» Provided information:
++++++++++++++++++++

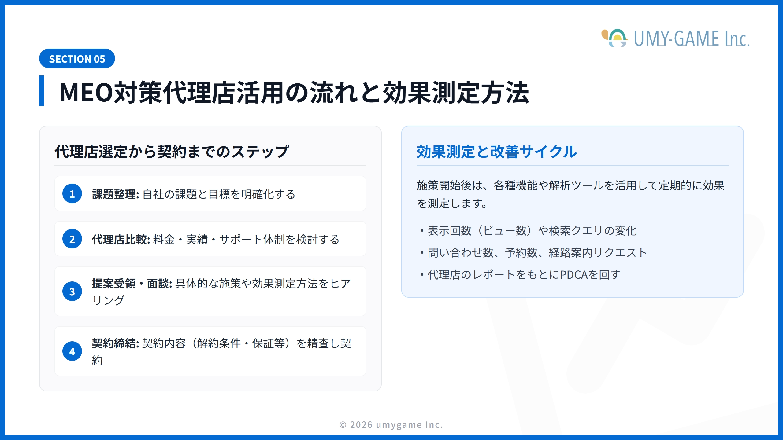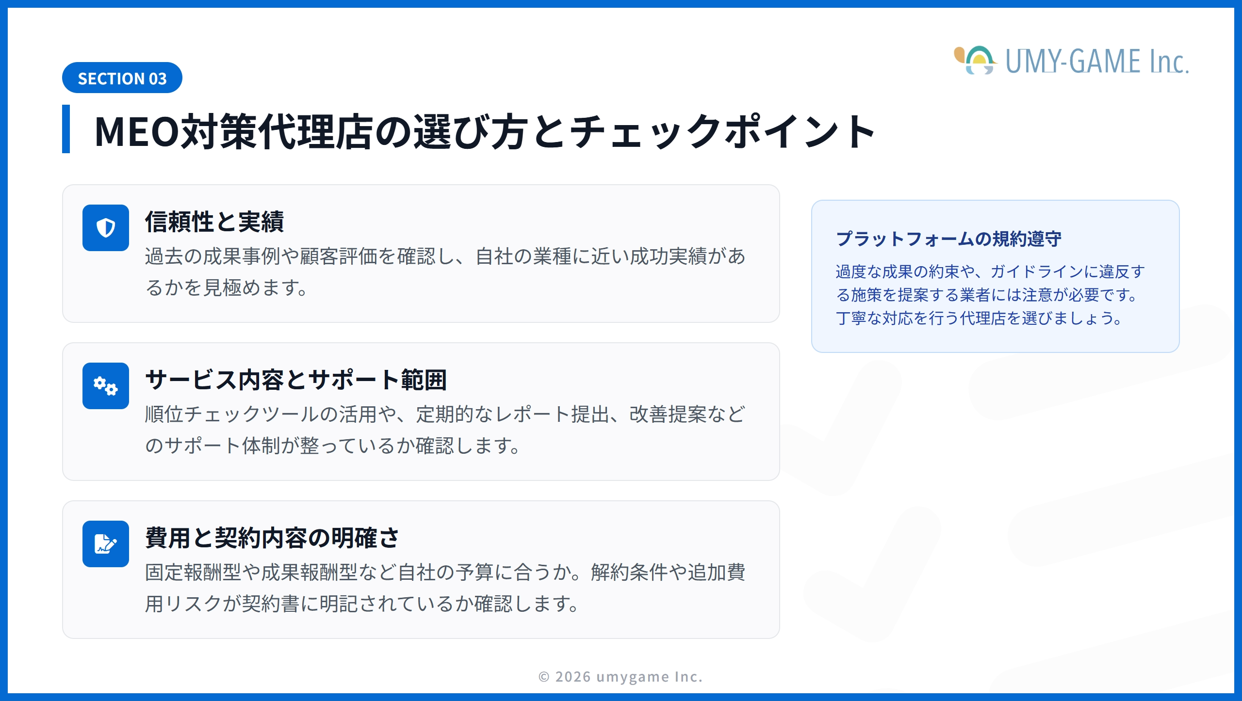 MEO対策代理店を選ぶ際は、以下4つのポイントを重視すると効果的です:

++++++++++++++++++++

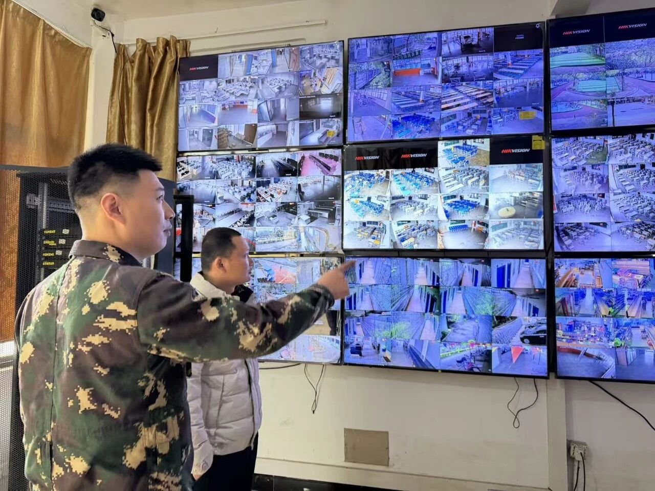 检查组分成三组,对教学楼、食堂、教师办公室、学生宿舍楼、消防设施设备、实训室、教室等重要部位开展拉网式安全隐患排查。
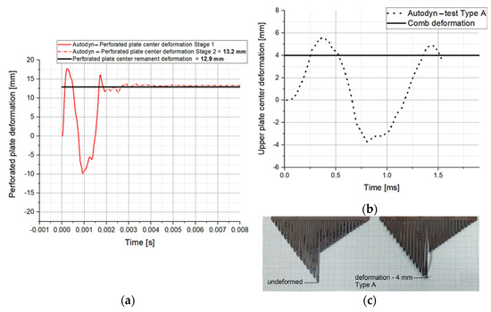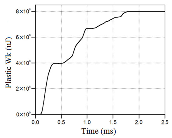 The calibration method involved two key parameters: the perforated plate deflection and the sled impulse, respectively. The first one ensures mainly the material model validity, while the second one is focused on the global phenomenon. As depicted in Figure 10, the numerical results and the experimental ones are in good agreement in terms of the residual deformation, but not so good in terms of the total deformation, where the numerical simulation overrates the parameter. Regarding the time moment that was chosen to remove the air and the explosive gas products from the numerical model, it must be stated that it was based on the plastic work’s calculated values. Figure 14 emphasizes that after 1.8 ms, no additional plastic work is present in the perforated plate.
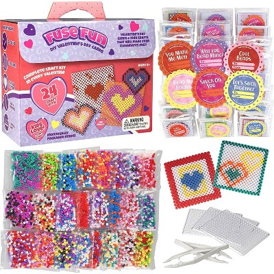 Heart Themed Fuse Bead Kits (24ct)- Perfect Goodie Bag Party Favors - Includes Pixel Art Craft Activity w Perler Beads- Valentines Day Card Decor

++++++++++++++++++++

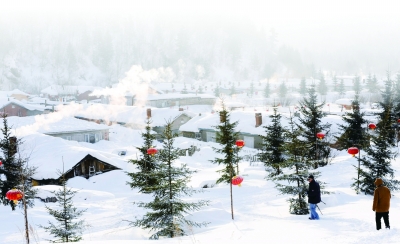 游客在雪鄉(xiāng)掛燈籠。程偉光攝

++++++++++++++++++++

» What is needed:
The lines to reproduce run from the one above containing "The calibration method" through the one containing "Heart Themed Fuse". Copy them exactly and leave out all pictures.

» Solution to this task:
 The calibration method involved two key parameters: the perforated plate deflection and the sled impulse, respectively. The first one ensures mainly the material model validity, while the second one is focused on the global phenomenon. As depicted in Figure 10, the numerical results and the experimental ones are in good agreement in terms of the residual deformation, but not so good in terms of the total deformation, where the numerical simulation overrates the parameter. Regarding the time moment that was chosen to remove the air and the explosive gas products from the numerical model, it must be stated that it was based on the plastic work’s calculated values. Figure 14 emphasizes that after 1.8 ms, no additional plastic work is present in the perforated plate.
 Heart Themed Fuse Bead Kits (24ct)- Perfect Goodie Bag Party Favors - Includes Pixel Art Craft Activity w Perler Beads- Valentines Day Card Decor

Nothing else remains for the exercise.